Facebook and CMU’s ‘superhuman’ poker AI beats human pros

AI has definitely knocked out humans in our other favorite games. The program, designed by researchers at Facebook's Artificial Intelligence Laboratory and Carnegie Mellon University, is one of the world's top poker players in the six-player Texas Hold'em poker game series, .

An artificial intelligence system called Pluribus confronted 12 pros in two different environments during 12 days and 10,000 hands. One AI played with five human players. In other versions, five versions of AI were played with one player (computer programs were not able to collaborate in this scenario). Pluribus earned an average of $ 5 per hand with a prize of $ 1,000 per hour. This is the "conclusive evidence of victory," the researchers said.

Noam Brown, a researcher at Facebook AI Research and co-founder of Pluribus, said: "We can say that we are at a superhuman level, but that will not change." The Verge . "
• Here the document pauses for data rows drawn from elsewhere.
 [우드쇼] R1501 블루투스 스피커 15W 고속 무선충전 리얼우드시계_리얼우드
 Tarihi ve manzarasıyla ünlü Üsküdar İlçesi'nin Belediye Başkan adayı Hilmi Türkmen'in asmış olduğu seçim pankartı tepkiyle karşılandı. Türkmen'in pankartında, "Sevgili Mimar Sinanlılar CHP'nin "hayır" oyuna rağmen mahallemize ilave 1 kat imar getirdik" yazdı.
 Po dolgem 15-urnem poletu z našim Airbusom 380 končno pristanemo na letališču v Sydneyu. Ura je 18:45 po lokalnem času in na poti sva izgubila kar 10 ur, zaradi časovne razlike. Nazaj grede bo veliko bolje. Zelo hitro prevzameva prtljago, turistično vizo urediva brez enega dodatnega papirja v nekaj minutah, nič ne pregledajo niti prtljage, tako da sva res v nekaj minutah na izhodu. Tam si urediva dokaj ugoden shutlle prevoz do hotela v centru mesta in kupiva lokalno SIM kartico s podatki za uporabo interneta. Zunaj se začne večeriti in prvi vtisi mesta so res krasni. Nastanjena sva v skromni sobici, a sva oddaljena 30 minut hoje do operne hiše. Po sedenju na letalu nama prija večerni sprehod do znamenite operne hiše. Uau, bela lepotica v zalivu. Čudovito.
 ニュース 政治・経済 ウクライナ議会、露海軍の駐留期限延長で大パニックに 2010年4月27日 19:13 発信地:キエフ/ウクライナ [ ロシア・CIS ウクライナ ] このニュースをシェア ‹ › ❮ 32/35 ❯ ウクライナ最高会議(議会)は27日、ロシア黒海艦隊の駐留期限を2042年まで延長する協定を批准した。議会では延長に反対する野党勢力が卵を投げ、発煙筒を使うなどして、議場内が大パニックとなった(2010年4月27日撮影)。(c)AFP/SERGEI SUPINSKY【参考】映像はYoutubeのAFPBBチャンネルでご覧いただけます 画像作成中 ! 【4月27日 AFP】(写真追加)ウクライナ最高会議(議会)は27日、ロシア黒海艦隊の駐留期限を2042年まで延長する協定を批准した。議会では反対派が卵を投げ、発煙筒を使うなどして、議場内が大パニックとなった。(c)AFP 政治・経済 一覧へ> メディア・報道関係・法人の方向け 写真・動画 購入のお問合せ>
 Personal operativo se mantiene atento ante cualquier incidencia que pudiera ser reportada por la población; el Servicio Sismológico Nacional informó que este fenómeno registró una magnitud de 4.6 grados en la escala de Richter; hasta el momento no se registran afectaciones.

" Plu Rivers is a very difficult opponent. It's the 12th consecutive vote against Chris Ferguson,

In a paper in Science scientists behind Pluribus say victory is an important milestone in artificial intelligence research: board games like chess and go, and 19459006 stars In computer games such as Craft II and Dota machine learning has already reached a superhuman level, but six represent unlimited Texas Hold'em (19659008). As well as "incomplete information games") as well as multiple players and complex victory results. AI can have more board combinations than the observable universe of atoms, and AI is having a lot of trouble planning the next move, but all the information is visible, and the game gives the player two possible


Pluribus's training regime schedules. "Limping" is one of the strategies that some human players eventually abandoned by artificial intelligence [19659009] Credits: Facebook

In Texas Hold on 2nd, 2015, machine learning systems surpassed human pros, but the complexity increased dramatically when the number of contacts increased to 5. Brown and his colleague Tuomas Sandholm (CMU professor)
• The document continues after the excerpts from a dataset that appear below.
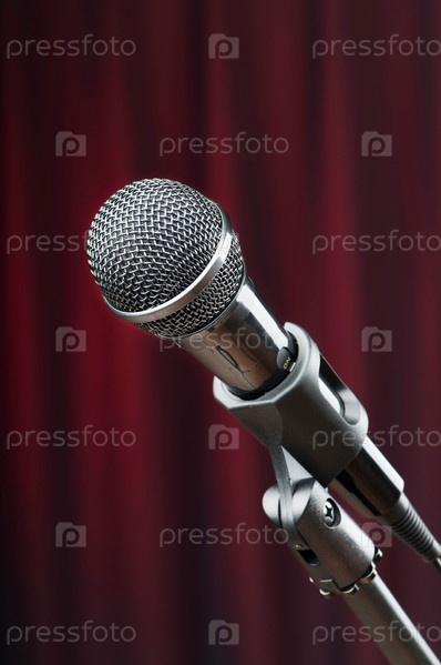 Микрофон на фоне занавеса
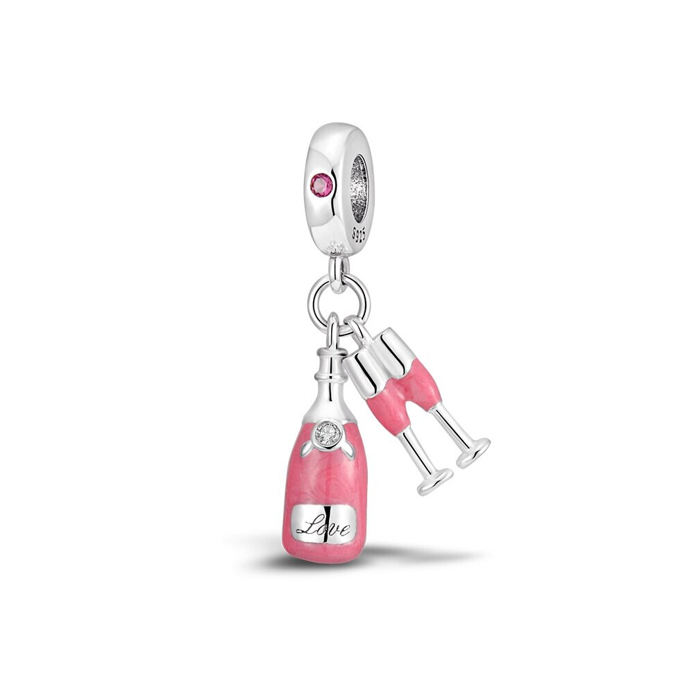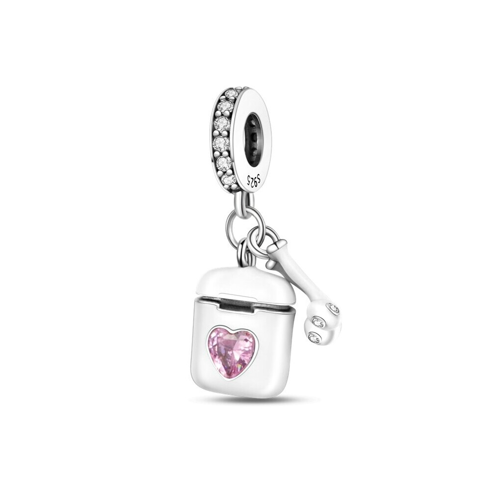 (a-KTC493) 925 Sterling Silver Pink Ballet Skates Shoes Pendant Heart Charms Fit Original Pandora Necklace Bracelet Jewelry Making Women
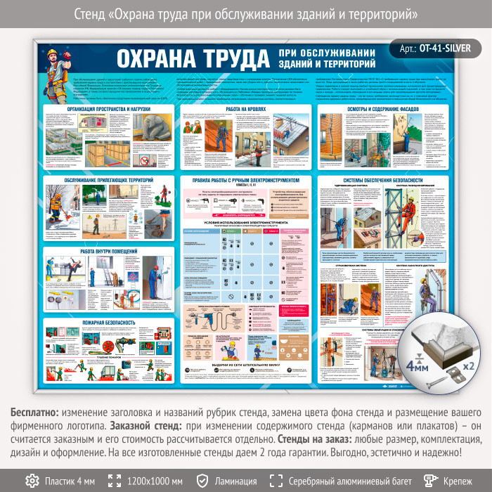 Стенд «Охрана труда при обслуживании зданий и территорий» (OT-41-SILVER) в Ульяновске купить

First, Pluribus was taught to a poker game against copies of itself (also referred to as self-Play (self-play)). This is a common technique for artificial intelligence training where the system can learn the game through trial and error. They are aiming at hundreds of thousands of hands against themselves. This course was also very efficient. Pluribus was created in just 8 days using a 64-core server with less than 512 GB of RAM. It costs only $ 150 to train the program on a cloud server, which is cheaper than the $ 10,000 price tag compared to other state-of-the-art systems.

Then, to deal with six additional employees, Brown and Sandholm proposed an efficient way of determining what artificial intelligence would look like in the game, and this mechanism is known as the search function. Pluribus is designed to look ahead to two or three because the opponent can not predict until the end of the game (even a few steps would be a tremendously complex calculation). Brown cut it like this.

Pluribus may think that it is sacrificing a long-term strategy to get short-term profits, but short-term appreciation is indispensable in poker. .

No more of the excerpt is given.